PROBLEM TO SOLVE - Restate word for word the lines below from the one that has "Большая столовая в частном доме (95 фото)" through the one that has "Offers a centralized", keeping both and dropping all pictures.
___ DATA LISTING
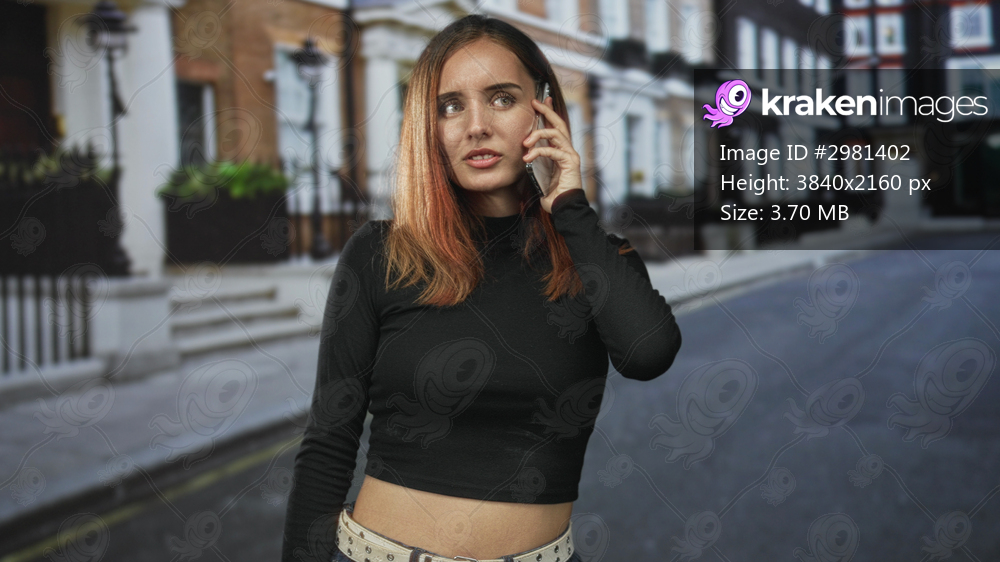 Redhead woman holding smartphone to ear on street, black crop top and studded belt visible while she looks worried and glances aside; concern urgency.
______
___ DATA LISTING
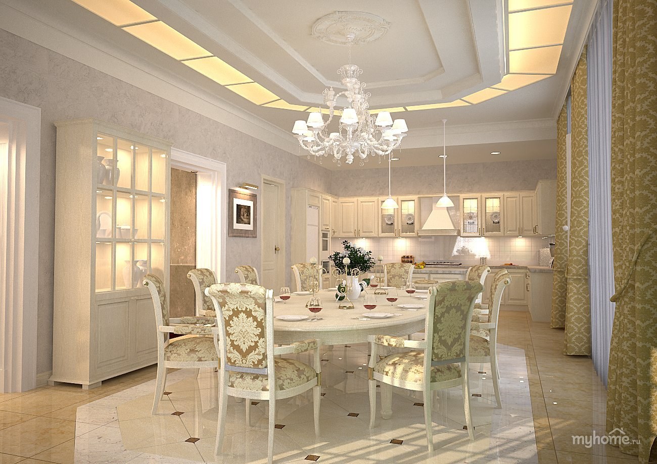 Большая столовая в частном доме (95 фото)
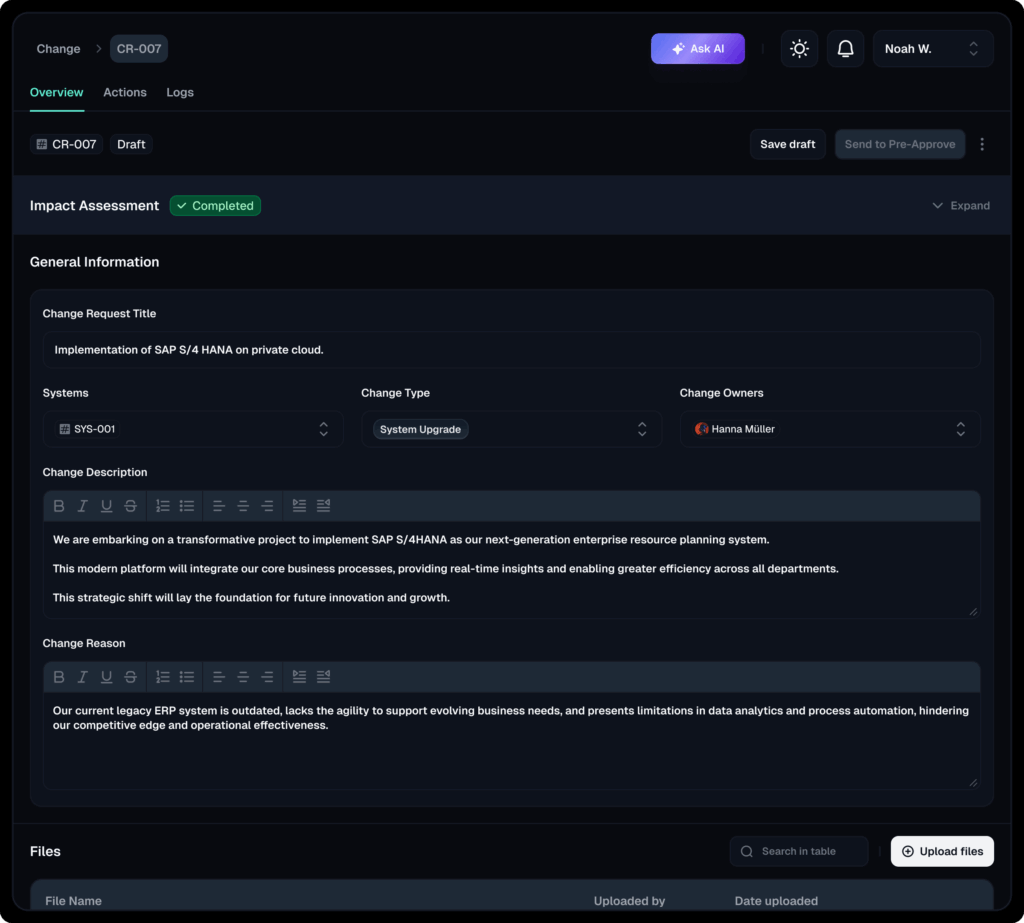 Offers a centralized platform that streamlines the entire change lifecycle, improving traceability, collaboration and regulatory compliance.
______
ANSWER FOR THE TASK -
 Большая столовая в частном доме (95 фото)
 Offers a centralized platform that streamlines the entire change lifecycle, improving traceability, collaboration and regulatory compliance.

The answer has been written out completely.